* [TO DO]: Lower down are entries containing pictures. Copy exactly, without those pictures, the lines from the line with "your outdoor space" through the line with "- Stylish and".

<<<<

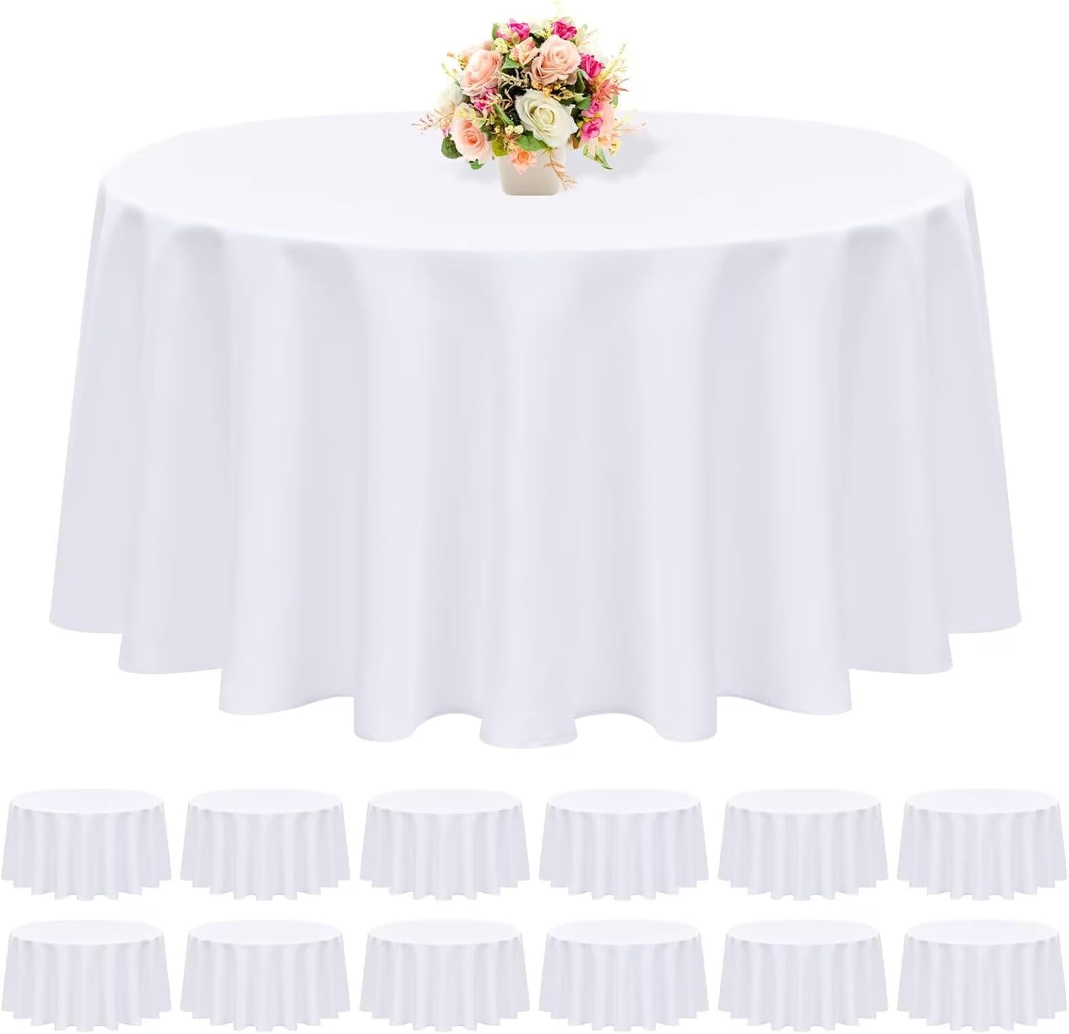 12 Pack Round Tablecloth 90 Inch - White Polyester Tablecloth for Round Table, Premium Stain and Wrinkle Resistant Washable Fabric Table Cover for Wedding Party Banquet Restaurant Reception
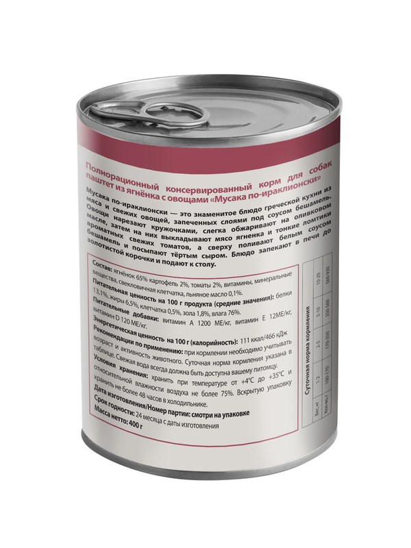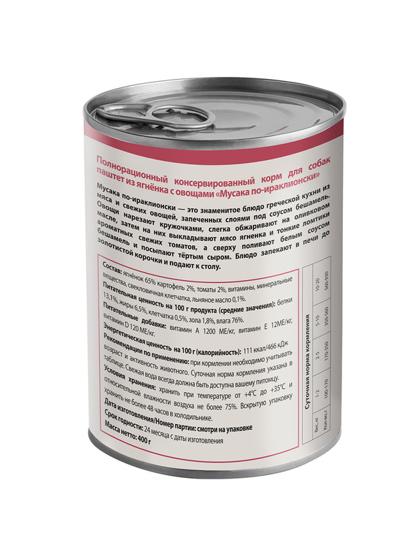 Полнорационный консервированный корм для собак всех пород "Мусака по-ираклионски". Паштет из ягнёнка с овощами.
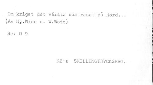 //// i //// . Om kriget det värsta som rasat på jord... (Av Hj.Wide o. W.Wotz) //// I //// Se: D 9 j //// KB: s SKILLINGTRYCKSREG. . j ////
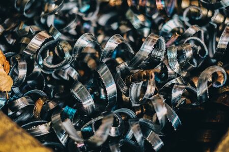 Steel scrap materials recycling. Aluminum chip waste after machining metal parts on a cnc lathe. Closeup twisted spiral steel shavings. Small roughness sharpness, possible granularity, blurred focus
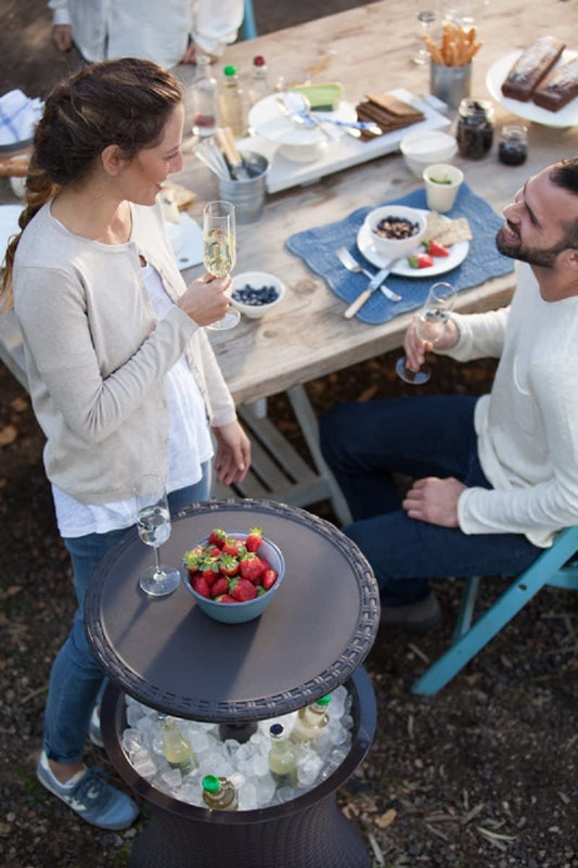 "Transform your outdoor space with this Espresso Brown Side Table featuring a Built-In Beer and Wine Cooler! 🍻🍷 #OutdoorLiving #Entertaining"
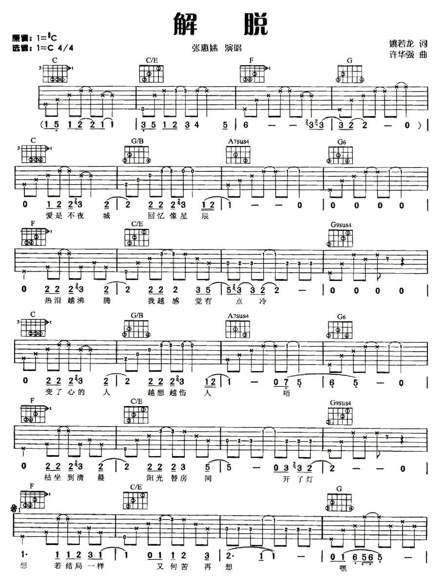 解脱简谱-曲谱-歌词
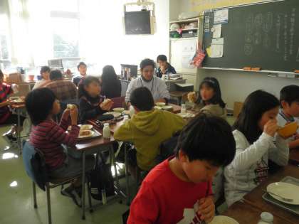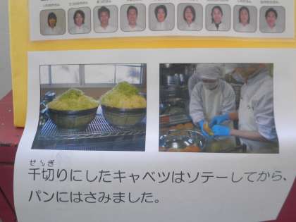 今日は、給食週間最終日です。毎日調理員さんたちが、いろいろなクラスに行って会食をしました。また、ほぼ毎日給食室の調理の様子を、栄養士さんが二階、三階の廊下に掲示しています。給食を作る様子がよく分かります。
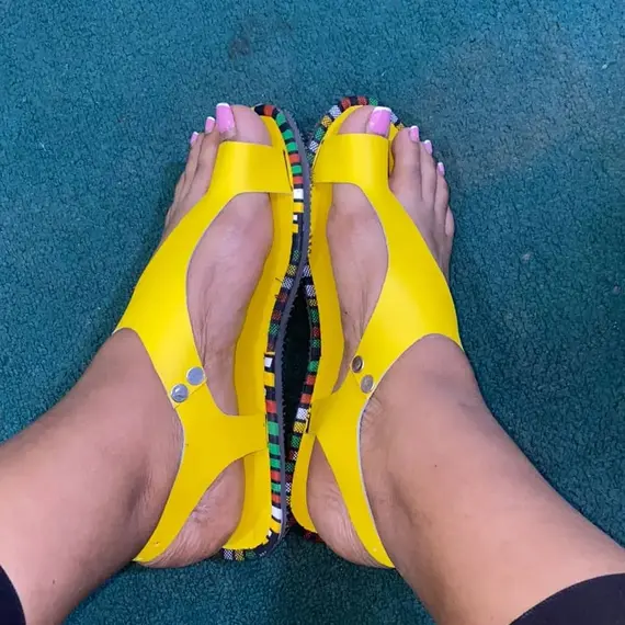 - Stylish and trendy women’s sandals featuring sleek yellow leather straps with a chic metal toe ring design, perfect for adding a modern touch to your summer wardrobe.
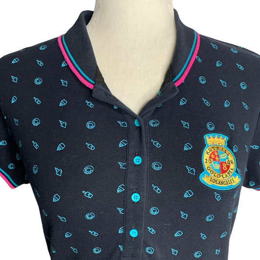 Hot Kiss Short Sleeve Polo Shirt S Black Blue Embroidered Buttons Collared
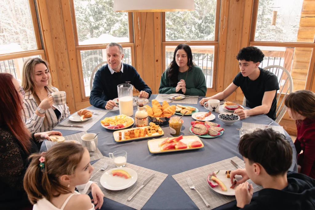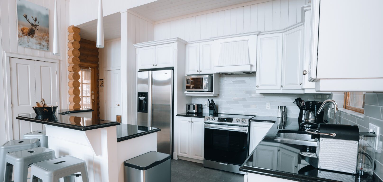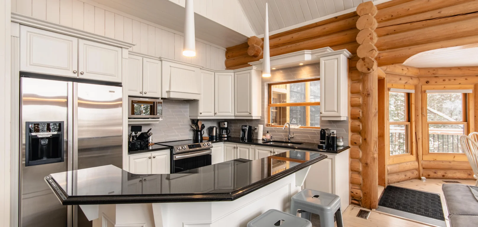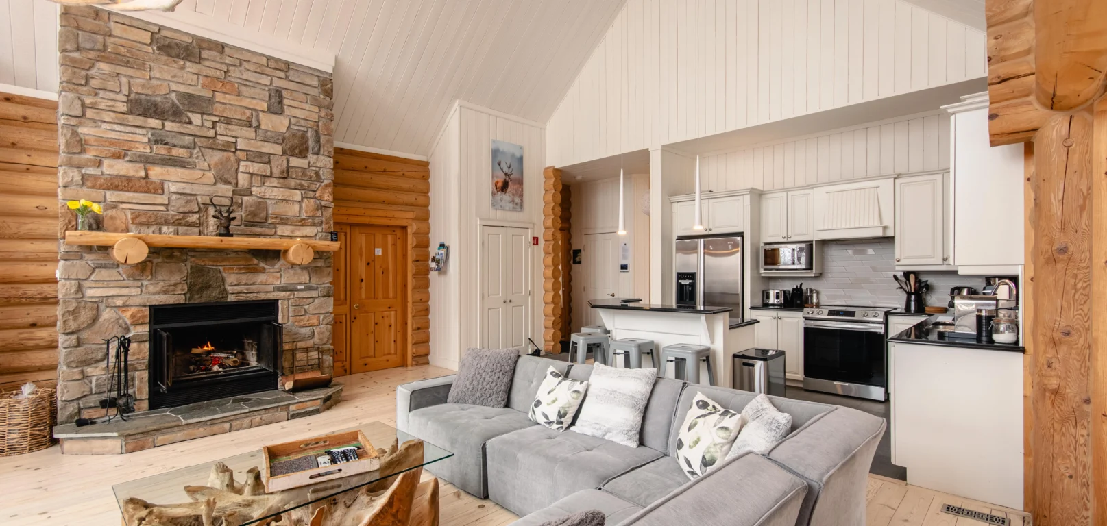 Ce chalet très spacieux comprend 5 chambres à coucher, 3 salles de bains complètes et 2 foyers au bois (un foyer par étage). Il peut loger aisément 12 adultes. La cuisine est équipée d’appareils électroménagers en acier inoxydable, incluant un lave-vaisselle et un four micro-ondes. D’autres commodités telles que la télévision par satellite, Wi-Fi haute vitesse Starlink illimité, une table de billard, une laveuse et une sécheuse sont également fournies. Un coin feu extérieur avec des chaises confortables pour relaxer est accessible durant les 3 saisons.

>>>>

* [SOLVED EXERCISE]:
 "Transform your outdoor space with this Espresso Brown Side Table featuring a Built-In Beer and Wine Cooler! 🍻🍷 #OutdoorLiving #Entertaining"
 解脱简谱-曲谱-歌词
 今日は、給食週間最終日です。毎日調理員さんたちが、いろいろなクラスに行って会食をしました。また、ほぼ毎日給食室の調理の様子を、栄養士さんが二階、三階の廊下に掲示しています。給食を作る様子がよく分かります。
 - Stylish and trendy women’s sandals featuring sleek yellow leather straps with a chic metal toe ring design, perfect for adding a modern touch to your summer wardrobe.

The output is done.